Soruşturma ağır ilerledi ama Güney’in üçlü cinayeti işleyen kişi olduğuna dair bulgular zaman içinde çoğaldı ve epey netleşti. Katil zanlısının Türkiye’de MİT’e kadar uzanan ilişkilerine dair karineler ortaya çıkmaya başladı. Ama Ömer Güney üzerine atılan suçları hep reddetti. Sonunda Güney’e dava açıldı. Mayıs 2016’da öngörülen duruşma tarihi, önce Kasım 2016’ya, sonra 23 Ocak 2017’ye ertelendi. Ve 17 Aralık 2016’da Ömer Güney, beyninde yıllardır var olan tümörün tedavisi için aylardır yattığı hastanede öldü. Üçlü cinayet davası sadece Ömer Güney’e açıldığı için, sanığın ölümüyle birlikte dava düştü.

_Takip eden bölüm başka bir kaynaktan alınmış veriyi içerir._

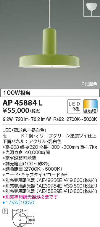 | 補足・注意事項 | ◆消費電力:9.2W ◆色温度:2700K~5000K ◆演色性:Ra82 ◆光源寿命:40,000時間 ◆高さ調節可能型 ◆調光範囲(100~約3%) ◆調色範囲(2700K~5000K) ◆コード・キャブタイヤコードφ6 ◆別売専用調光器〔AE49236E \49,800(税抜)〕 ◆別売専用調光器〔AE39784E \39,800(税抜)〕 ◆別売専用調光器〔AE45829E \16,800(税抜)〕 ◆別売専用調光器が必要です |
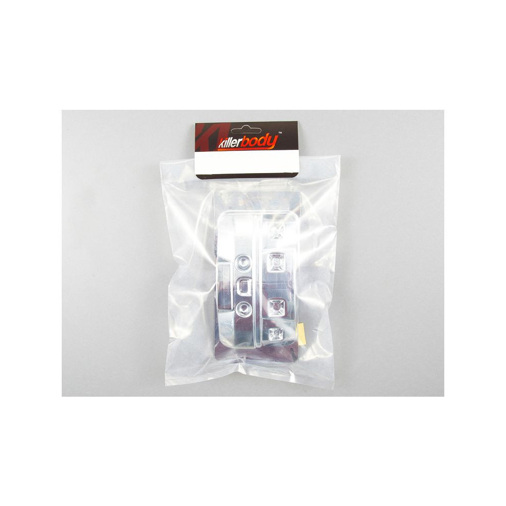 Killerbody A típusú fényszóró parabolák RC Monster 1:10-es autómodellekhez. A csomag tartalmaz krómozott műanyag fényszóró és hátsó lámpa parabolákat, ragasztószalagot.
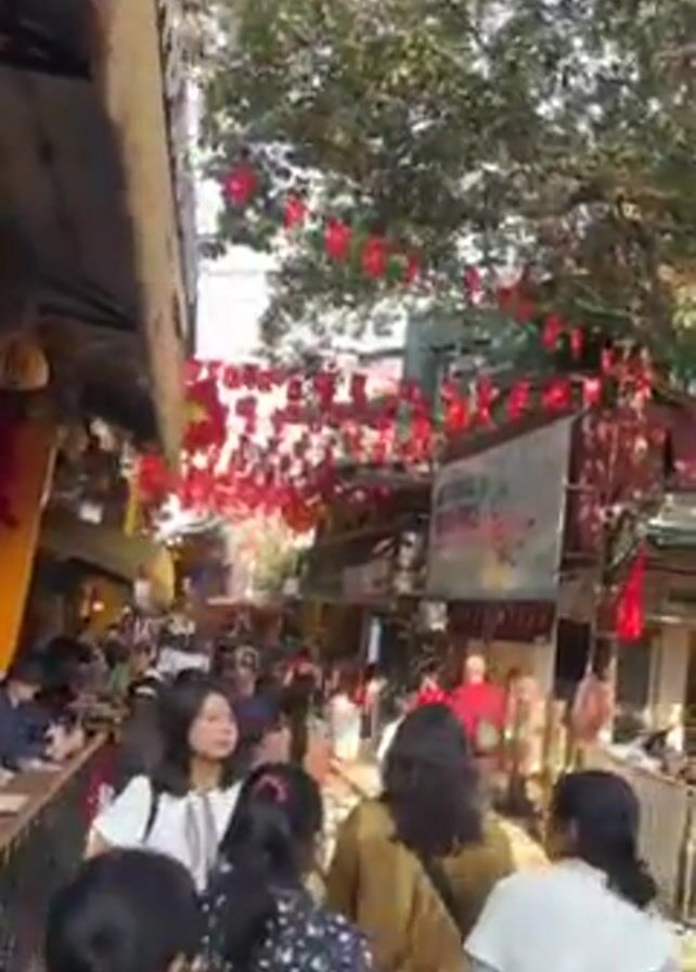 crowded street scene in a foreign country, likely Vietnam, as evidenced by the numerous Vietnamese flags strung overhead. The street is lined with small shops and restaurants, many of which have outdoor seating areas. People of various ages and ethnicities are walking through the street, some passing in front of the camera. The scene appears bustling with activity, creating a vibrant and lively atmosphere. The lighting suggests it's daytime, and there's a mix of natural light and shadows. A man wearing a black jacket walks directly in front of the camera.

Bu hafta Fransa’da yayımlanan, gazeteci Laure Marchand’ın yazdığı kitap, bu cinayetin arkasındaki sır perdesini aralamaya çalışıyor ve soruşturmanın tıkandığı noktalarda bazı yeni ipuçları sunuyor. “La Fayette Sokağı, 147 No’da Üçlü Cinayet” başlığı taşıyan kitap (Actes Sud Yayınevi), 180 sayfada sorgu hâkimesinin yürüttüğü soruşturmayı en ince detaylarına kadar ele alırken, aynı zamanda Laure Marchand’ın Almanya’da ve Türkiye’de kendi çabalarıyla elde ettiği ek bilgileri de veriyor.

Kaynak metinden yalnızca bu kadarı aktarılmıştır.